Nous retrouvons ici l’idée d’un Moi-peau confronté à une imago maternelle gravement conflictuelle : « promesse de vie et menace de mort ».

En effet, la forme en « L » renversé, définie à partir de la lettre « L «, renvoie d’emblée à la forme de cette lettre ; on ne peut donc penser l’une sans l’autre, comme si en envisageant l’une, on évidait le plein qu’elle formait en miroir avec l’autre, ou au contraire on bordait le vide laissé par la disparition de l’autre – les deux « L » constituant ensemble un rectangle.

Semprun nous y invite lui-même, mais aussi, si on l’entend dans sa forme espagnole « el/èl « au pronom personnel masculin et à l’article défini (il/le, en français) ; mot plein qui réfracte l’image maternelle et une infinité de significations – et contient en creux une figure paternelle ? – mais qui s’il est réduit au graphe « l » risque de se vider de son signifié – comme Artigas se vide de sa substance psychique. C’est que l’équation « L, , elle, el, èl, » et le retour à la matière visuelle du mot qu’elle entraîne, réalise une équivalence mot/chose, Moi/monde, origine/fin : « Dans le sein maternel de la mort qui me poursuit desde que he nacido. Ou que je poursuis depuis que je suis né ». Le début peut devenir la fin, la vie prendre la place de la mort ou vice versa, comme le mot « elle » qui peut se lire indifféremment de gauche à droite ou de droite à gauche.

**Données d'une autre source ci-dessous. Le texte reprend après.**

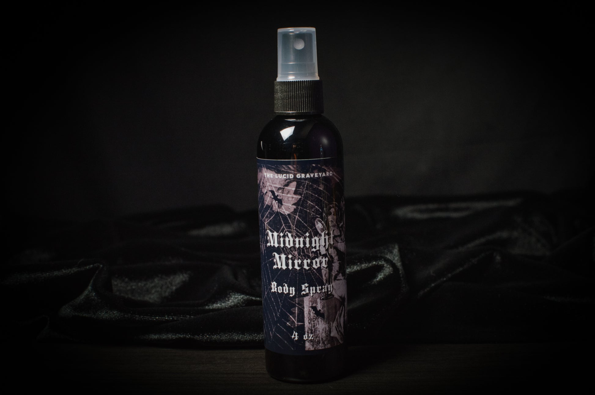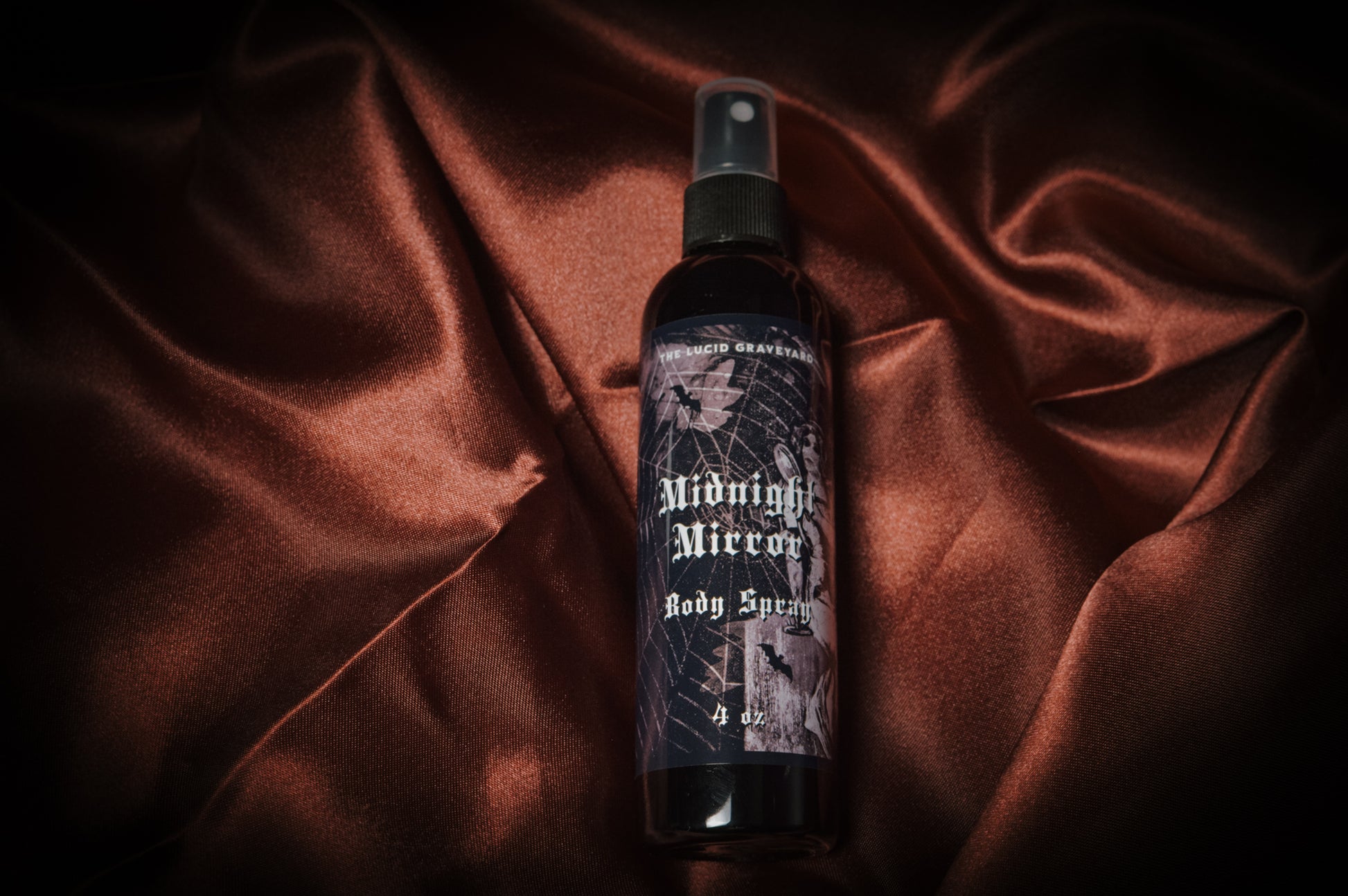 Our Midnight Mirror body spray is inspired by the Victorian-era parlor game that one would perform on Halloween Night. It was said that you would see your future partner or a haunting skeleton when looking into a mirror at midnight.

Le mot « elle » calligraphié apparaît constitué de plusieurs boucles, qui peuvent renvoyer à ces formes élémentaires, de nature rythmique – précédant les formes géométriques – qui concourent à la formation du Moi corporel et de l’espace psychique, du « moi sphérique » tel qu’il est évoqué par plusieurs auteurs (Ferenczi, Green, Haag).

Ce couloir sur lequel débouche invariablement J. Semprun est décrit comme interminable ; on ne sait plus si l’espace est limité ou illimité, si on est enfermé au-dehors ou au-dedans. Tant que le couloir reste couloir, sans issue possible, « la vie n’ [a] pas de sens », que la porte s’ouvre, alors vide et plein s’interpénètrent pour se confondre : « Tout ce qui me reste de force se concentre dans ce regard. Et mon crâne va éclater, ma vie va s’écouler finalement par mes yeux qui se vident de toutes les beautés du monde. Ma vie n’est plus que l’ombre vacillante de ce regard ultime sur l’encadrement lumineux de cette porte ».

Notons en passant que la consonne « l » condense l’idée d’ouverture et de fermeture associée à l’écoulement ; consonne appelée « liquide » parce que son spectre acoustique présente des caractéristiques vocaliques, son articulation combinant une occlusion et une ouverture du chenal buccal de manière simultanée.

Ecrire c’est donc aussi retourner en ces temps constitutifs du moi-corps pour tenter de reprendre ce qui n’a pas pu se jouer valablement dans les échanges émotionnels primitifs. L’écriture représenterait une tentative de relier contenant et contenu, de traduire les signifiants formels en signifiants linguistiques.